Data under study →

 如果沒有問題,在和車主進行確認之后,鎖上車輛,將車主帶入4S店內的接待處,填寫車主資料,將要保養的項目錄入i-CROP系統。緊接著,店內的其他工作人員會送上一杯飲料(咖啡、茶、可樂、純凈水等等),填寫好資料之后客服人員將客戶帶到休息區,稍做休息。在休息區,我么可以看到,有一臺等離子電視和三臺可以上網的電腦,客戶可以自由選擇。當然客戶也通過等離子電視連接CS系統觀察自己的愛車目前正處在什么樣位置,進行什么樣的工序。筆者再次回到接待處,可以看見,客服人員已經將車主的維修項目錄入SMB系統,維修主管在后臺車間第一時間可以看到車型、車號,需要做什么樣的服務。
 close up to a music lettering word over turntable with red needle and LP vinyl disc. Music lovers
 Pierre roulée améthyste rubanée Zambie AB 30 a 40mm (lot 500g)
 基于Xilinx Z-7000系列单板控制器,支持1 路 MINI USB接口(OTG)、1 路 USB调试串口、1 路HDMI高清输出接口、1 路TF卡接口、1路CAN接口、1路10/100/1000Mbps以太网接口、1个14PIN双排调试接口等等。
---
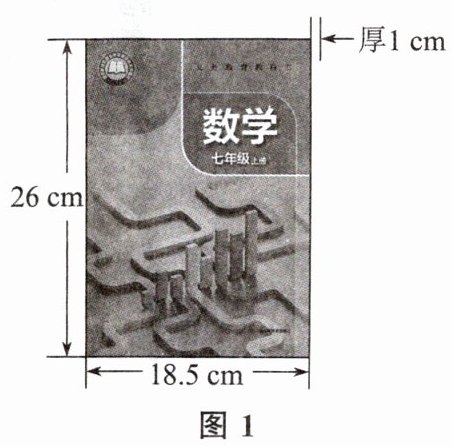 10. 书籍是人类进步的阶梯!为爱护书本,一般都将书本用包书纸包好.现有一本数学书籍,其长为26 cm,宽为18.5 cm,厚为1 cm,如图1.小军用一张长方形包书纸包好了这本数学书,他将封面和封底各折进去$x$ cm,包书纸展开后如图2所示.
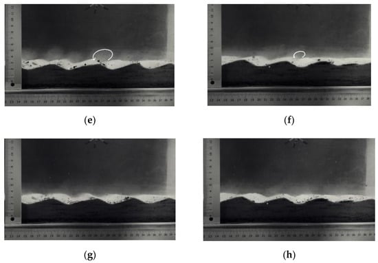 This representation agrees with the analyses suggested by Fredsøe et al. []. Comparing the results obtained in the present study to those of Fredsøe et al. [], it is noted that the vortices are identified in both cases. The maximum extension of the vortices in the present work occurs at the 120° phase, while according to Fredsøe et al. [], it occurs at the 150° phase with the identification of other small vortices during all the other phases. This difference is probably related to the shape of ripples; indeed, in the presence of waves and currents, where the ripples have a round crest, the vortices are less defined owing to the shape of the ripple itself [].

Exercise objective → Please return the lines above that run from the line containing "close up to" to the line containing "基于Xilinx Z-7000系列单板控制器,支持1 路", inclusive, exactly and with no other lines.

Exercise answer →
 close up to a music lettering word over turntable with red needle and LP vinyl disc. Music lovers
 Pierre roulée améthyste rubanée Zambie AB 30 a 40mm (lot 500g)
 基于Xilinx Z-7000系列单板控制器,支持1 路 MINI USB接口(OTG)、1 路 USB调试串口、1 路HDMI高清输出接口、1 路TF卡接口、1路CAN接口、1路10/100/1000Mbps以太网接口、1个14PIN双排调试接口等等。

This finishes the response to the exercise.